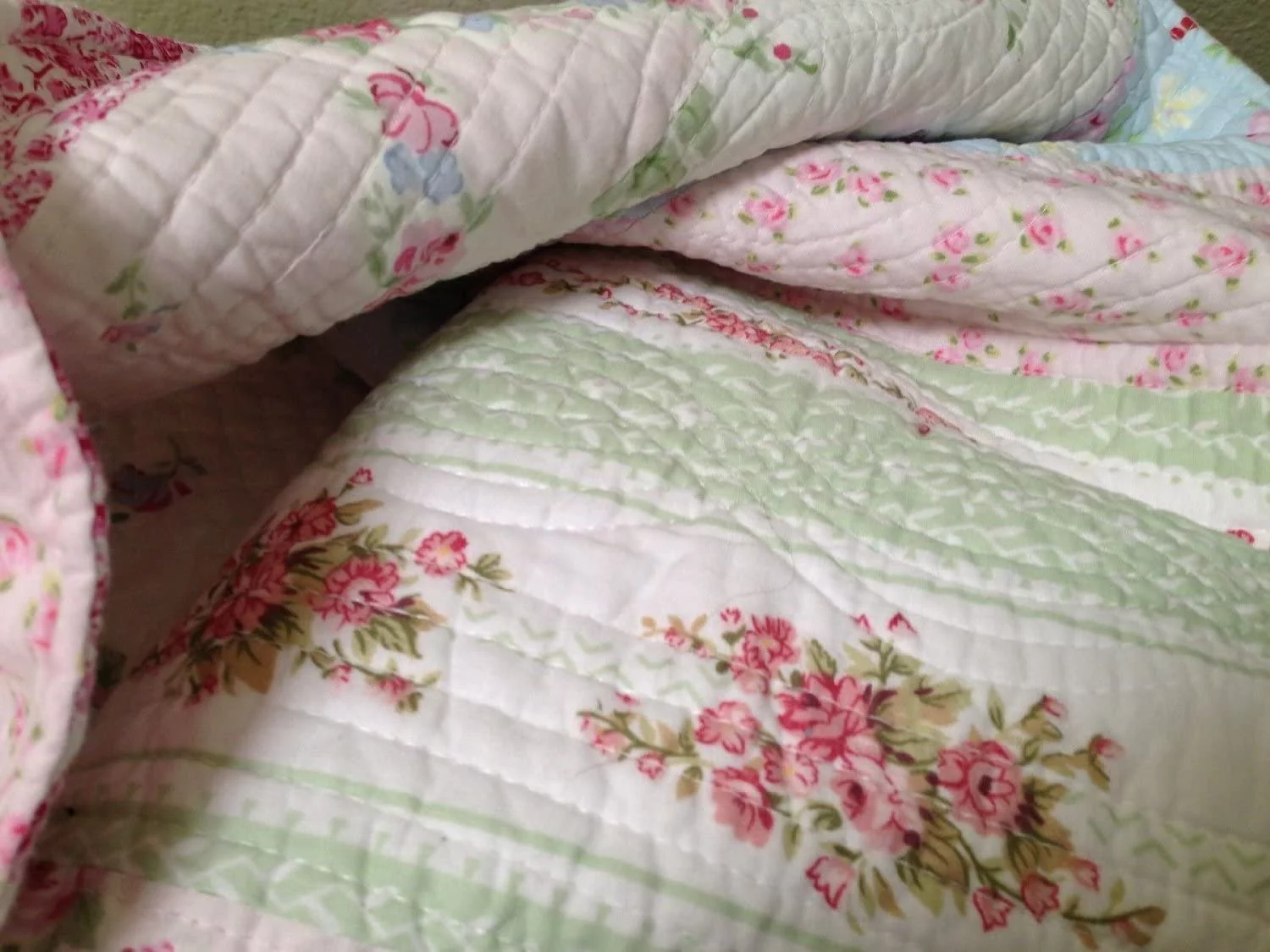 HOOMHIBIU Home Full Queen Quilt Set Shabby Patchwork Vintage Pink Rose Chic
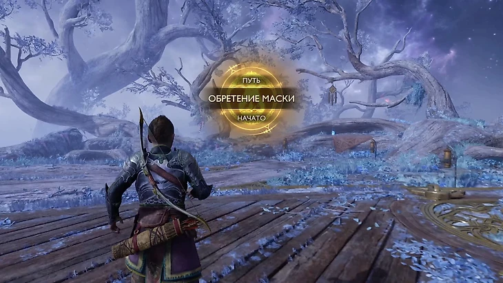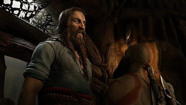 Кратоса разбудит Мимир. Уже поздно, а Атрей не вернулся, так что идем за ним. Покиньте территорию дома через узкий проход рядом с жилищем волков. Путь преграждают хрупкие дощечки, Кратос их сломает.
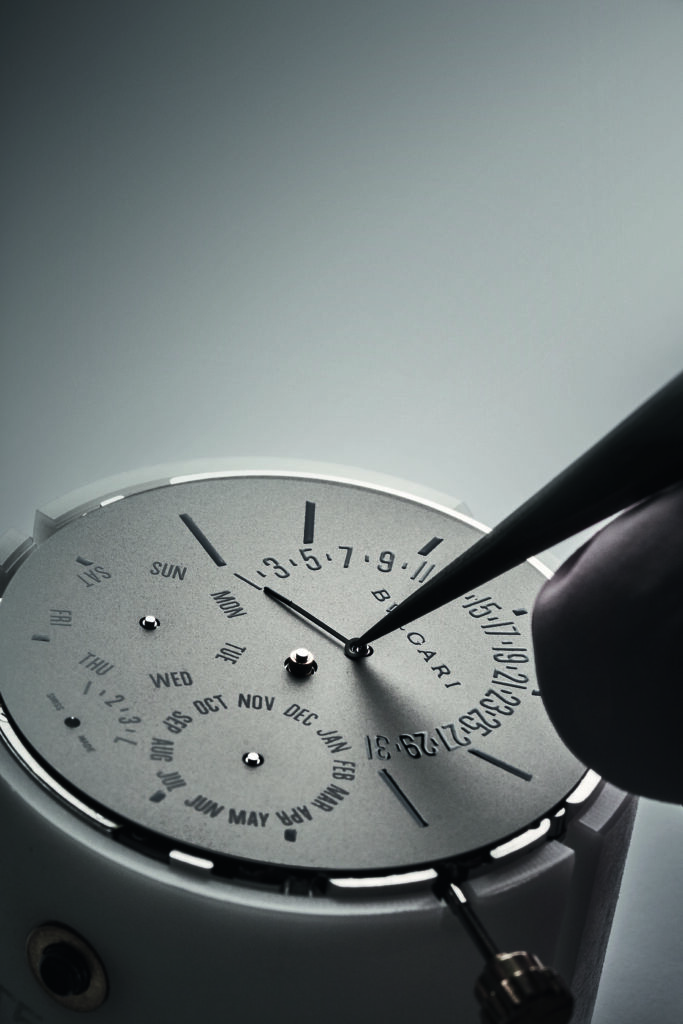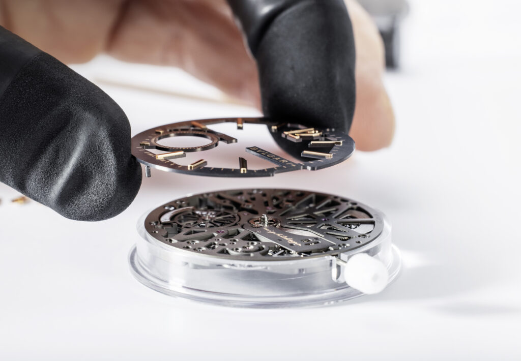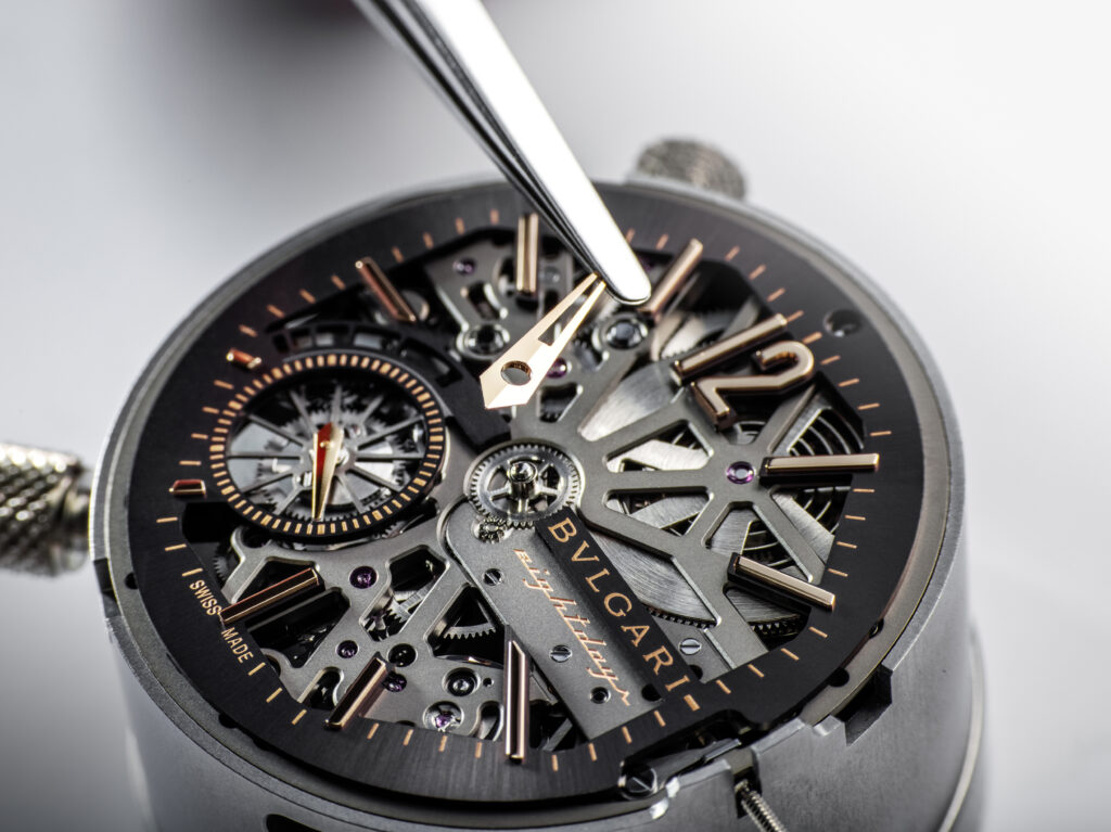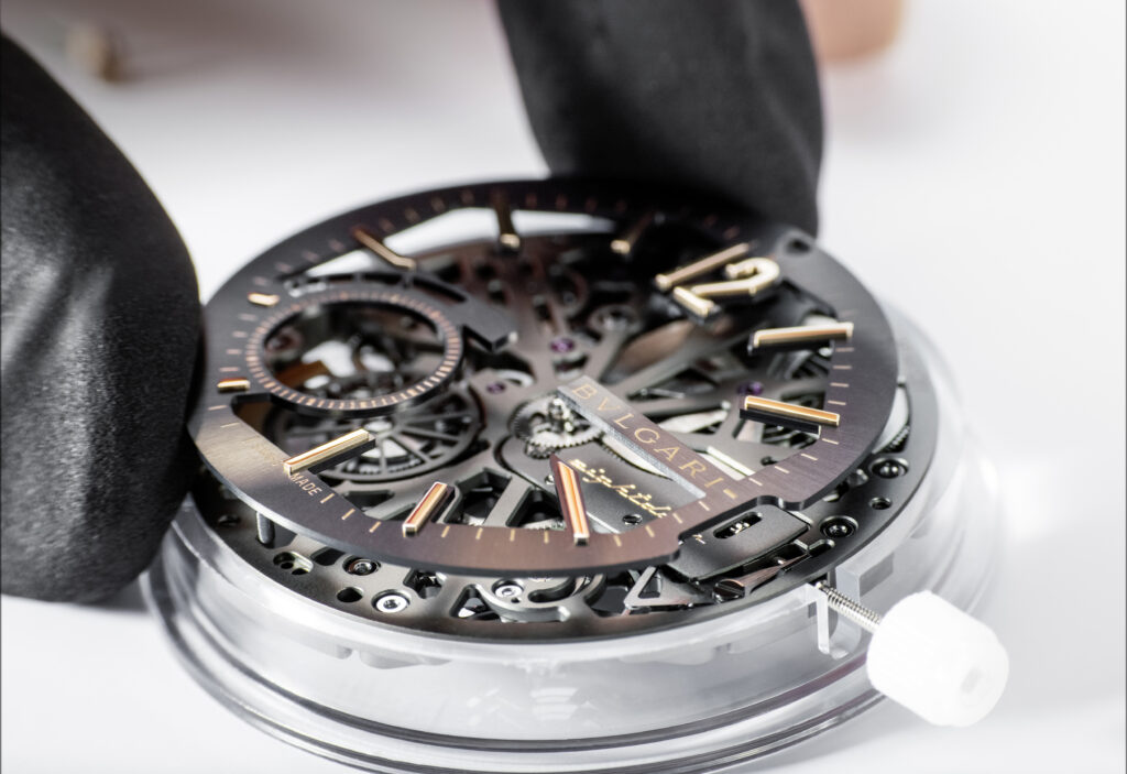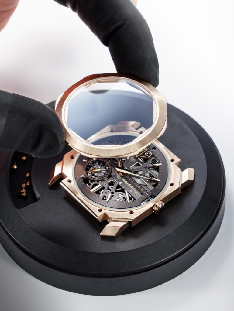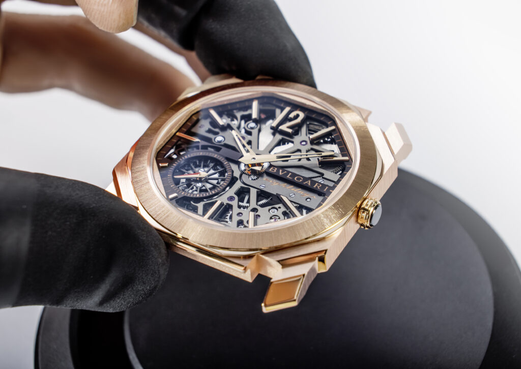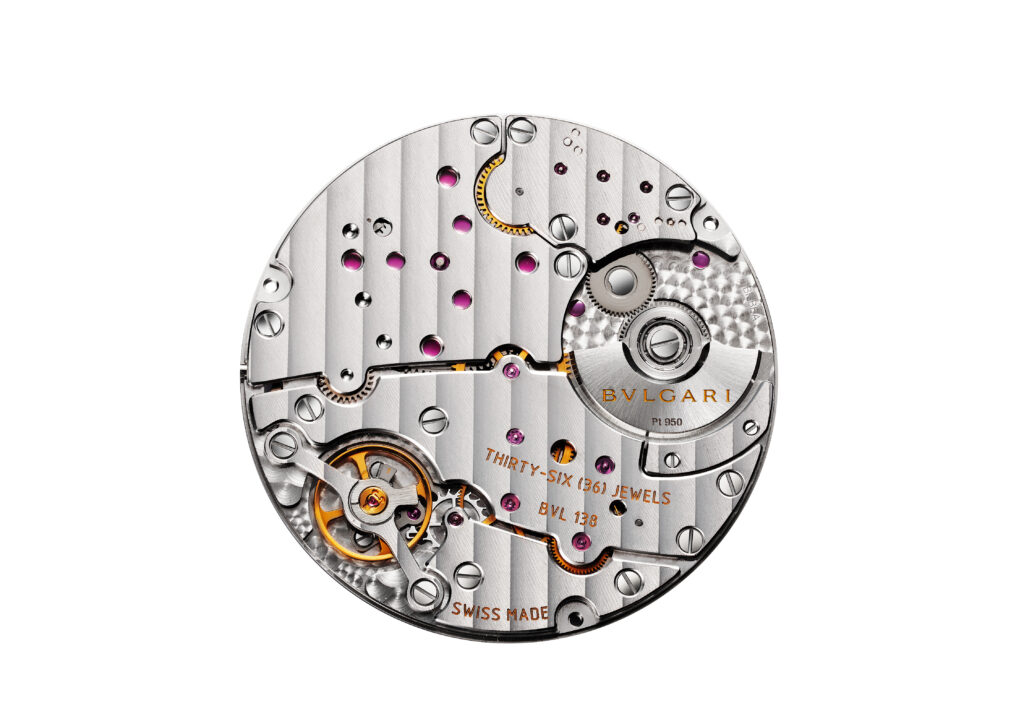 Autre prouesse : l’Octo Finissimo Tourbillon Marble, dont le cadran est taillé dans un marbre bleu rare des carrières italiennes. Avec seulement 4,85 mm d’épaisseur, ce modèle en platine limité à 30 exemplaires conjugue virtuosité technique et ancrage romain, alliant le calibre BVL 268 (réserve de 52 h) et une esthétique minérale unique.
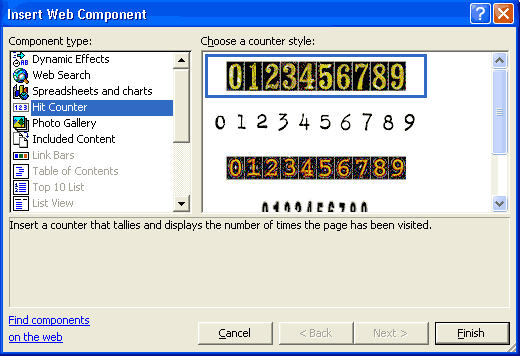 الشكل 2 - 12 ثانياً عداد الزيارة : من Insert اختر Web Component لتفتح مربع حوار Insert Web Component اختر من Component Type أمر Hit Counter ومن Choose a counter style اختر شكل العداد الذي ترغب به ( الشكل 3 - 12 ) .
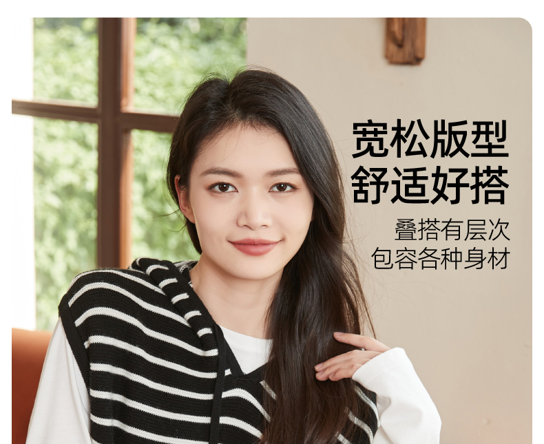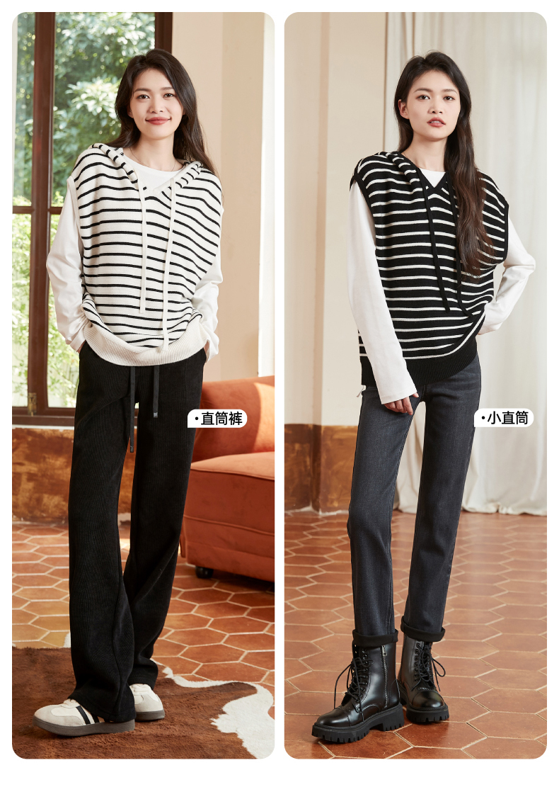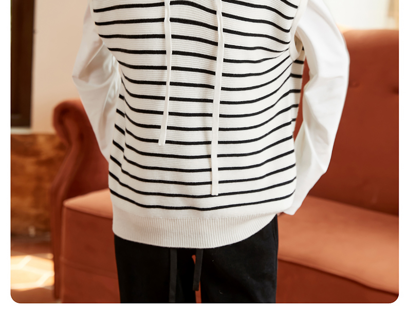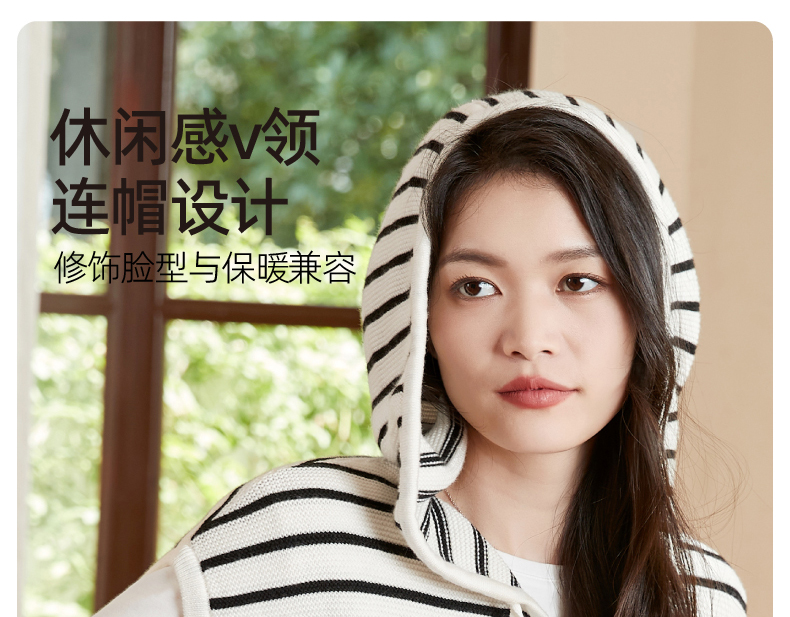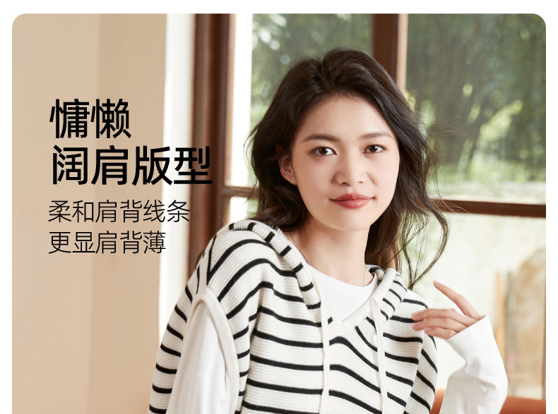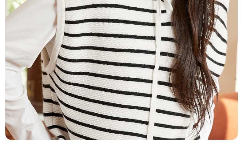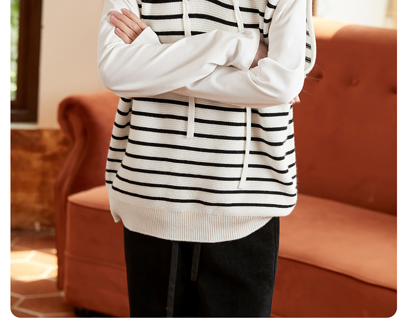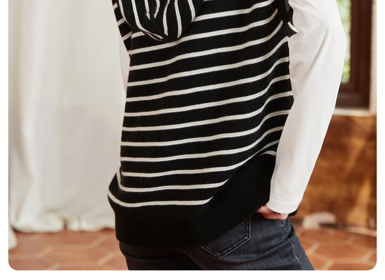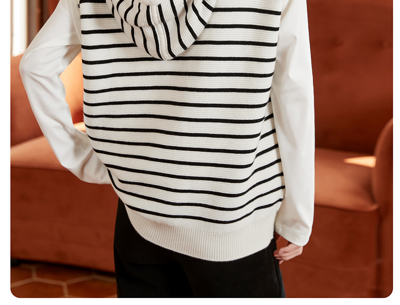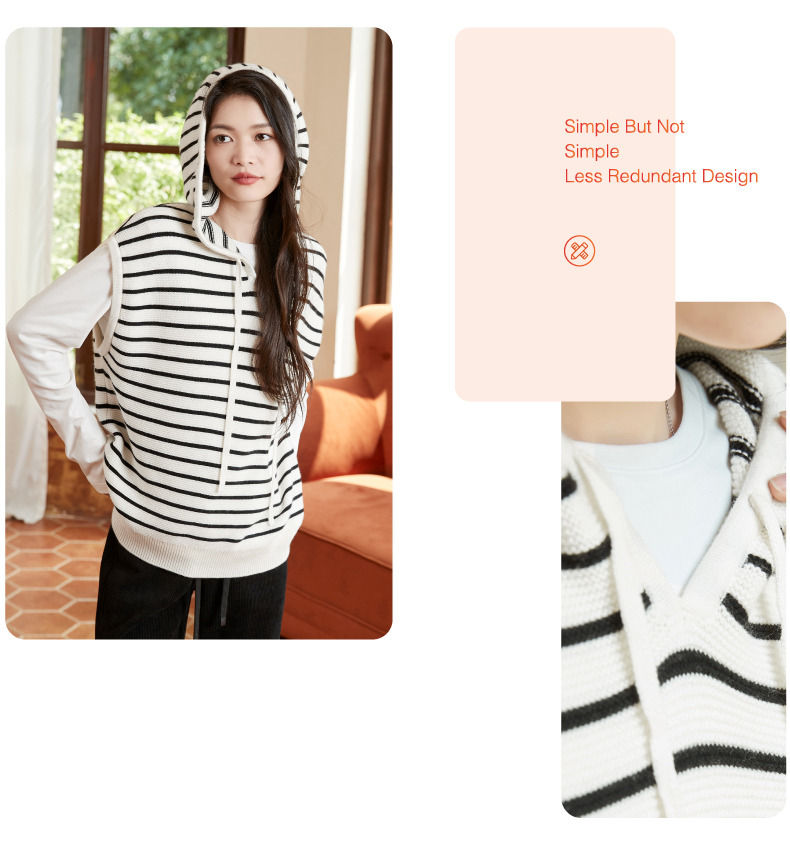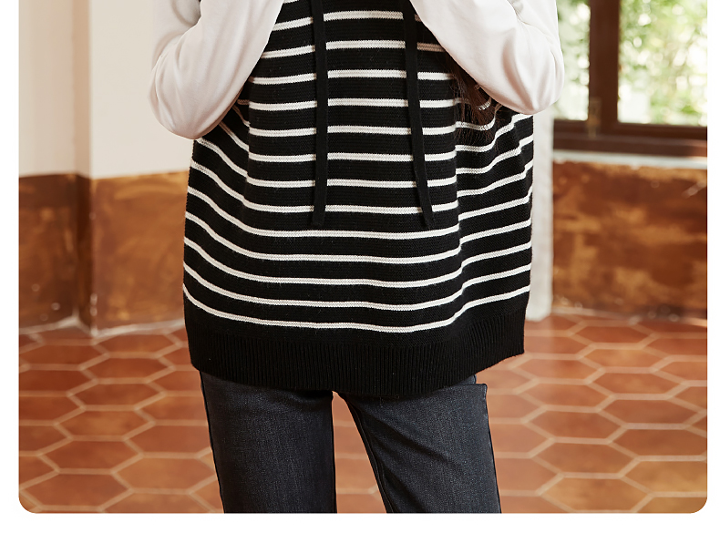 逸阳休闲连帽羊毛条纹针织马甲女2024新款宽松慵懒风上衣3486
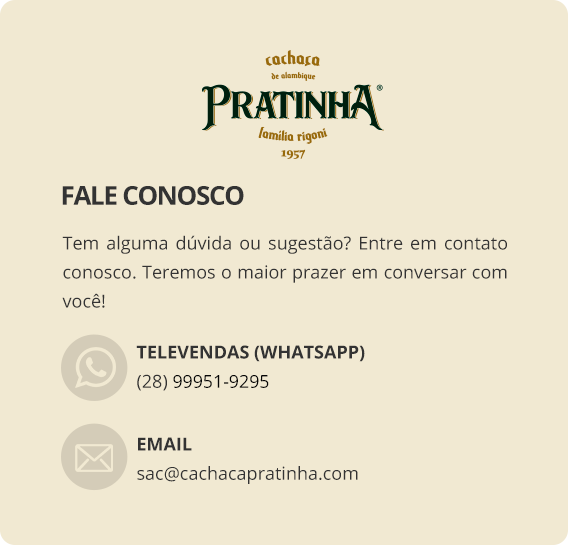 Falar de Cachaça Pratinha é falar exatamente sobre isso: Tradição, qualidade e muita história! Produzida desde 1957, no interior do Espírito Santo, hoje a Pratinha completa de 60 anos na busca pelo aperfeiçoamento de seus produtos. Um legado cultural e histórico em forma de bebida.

============================================================

An exact copy of the lines from the line containing "Autre prouesse : l’Octo" through the final line of the listing, without pictures, is the expected result.

 Autre prouesse : l’Octo Finissimo Tourbillon Marble, dont le cadran est taillé dans un marbre bleu rare des carrières italiennes. Avec seulement 4,85 mm d’épaisseur, ce modèle en platine limité à 30 exemplaires conjugue virtuosité technique et ancrage romain, alliant le calibre BVL 268 (réserve de 52 h) et une esthétique minérale unique.
 الشكل 2 - 12 ثانياً عداد الزيارة : من Insert اختر Web Component لتفتح مربع حوار Insert Web Component اختر من Component Type أمر Hit Counter ومن Choose a counter style اختر شكل العداد الذي ترغب به ( الشكل 3 - 12 ) .
 逸阳休闲连帽羊毛条纹针织马甲女2024新款宽松慵懒风上衣3486
 Falar de Cachaça Pratinha é falar exatamente sobre isso: Tradição, qualidade e muita história! Produzida desde 1957, no interior do Espírito Santo, hoje a Pratinha completa de 60 anos na busca pelo aperfeiçoamento de seus produtos. Um legado cultural e histórico em forma de bebida.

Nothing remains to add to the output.